- **Exercise prompt**: Print the data once more, exactly as given. Drop the pictures.

- **Exercise data**:
━━━━━━━━━━━━━━━━━━━━

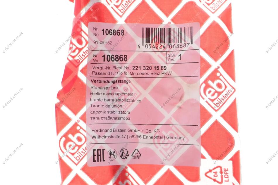Кронштейн(тяга) стабілізатора з гайками FEBI BILSTEIN 106868
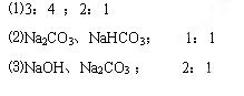 ⑴两份NaOH溶液A和B的物质的量浓度之比为?,通入CO2气体的体积之比是(相同条件)?。
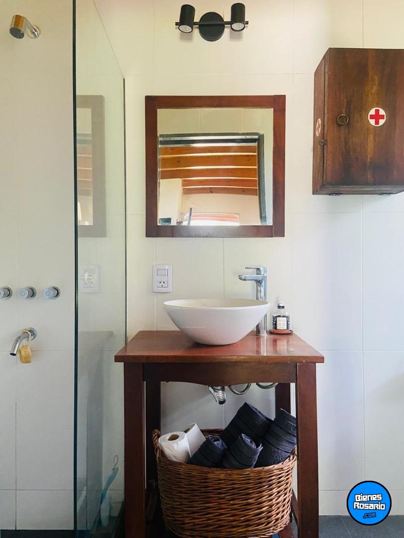 Loft de alquiler temporario en Roldán, un espacio ideal para quienes buscan tranquilidad y contacto con la naturaleza. Esta encantadora propiedad ofrece un diseño moderno y funcional, con un amplio living comedor que se integra perfectamente con la cocina, creando un ambiente acogedor y luminoso.
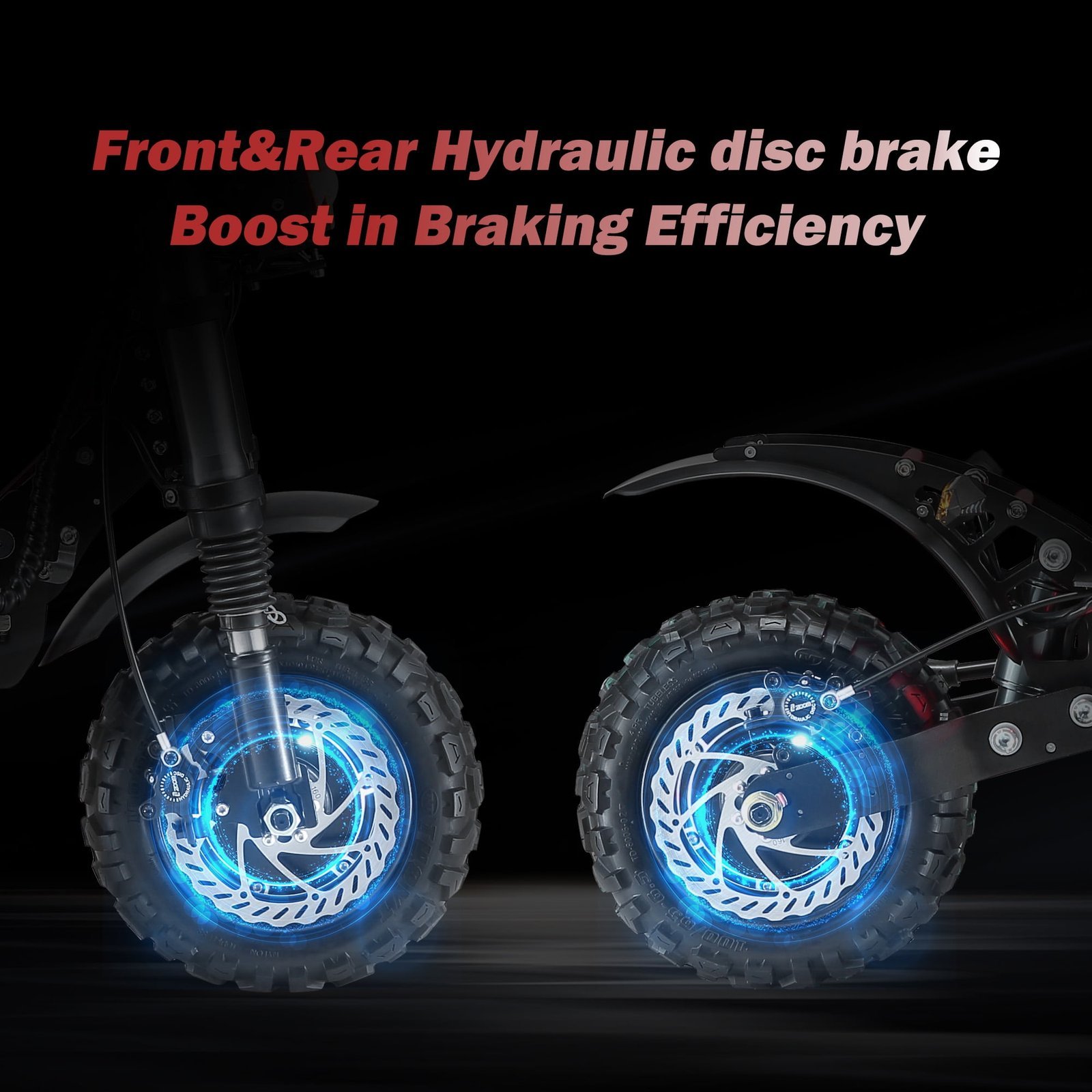 YUME Y11+ sports 60V 6000W high-speed DC brushless dual motors. This 2 x 3000W motor propels the electric scooter to a max speed of up to 50 MPH. - 3000W x 2 DUAL MOTOR

━━━━━━━━━━━━━━━━━━━━

- **Response box**:
Кронштейн(тяга) стабілізатора з гайками FEBI BILSTEIN 106868
 ⑴两份NaOH溶液A和B的物质的量浓度之比为?,通入CO2气体的体积之比是(相同条件)?。
 Loft de alquiler temporario en Roldán, un espacio ideal para quienes buscan tranquilidad y contacto con la naturaleza. Esta encantadora propiedad ofrece un diseño moderno y funcional, con un amplio living comedor que se integra perfectamente con la cocina, creando un ambiente acogedor y luminoso.
 YUME Y11+ sports 60V 6000W high-speed DC brushless dual motors. This 2 x 3000W motor propels the electric scooter to a max speed of up to 50 MPH. - 3000W x 2 DUAL MOTOR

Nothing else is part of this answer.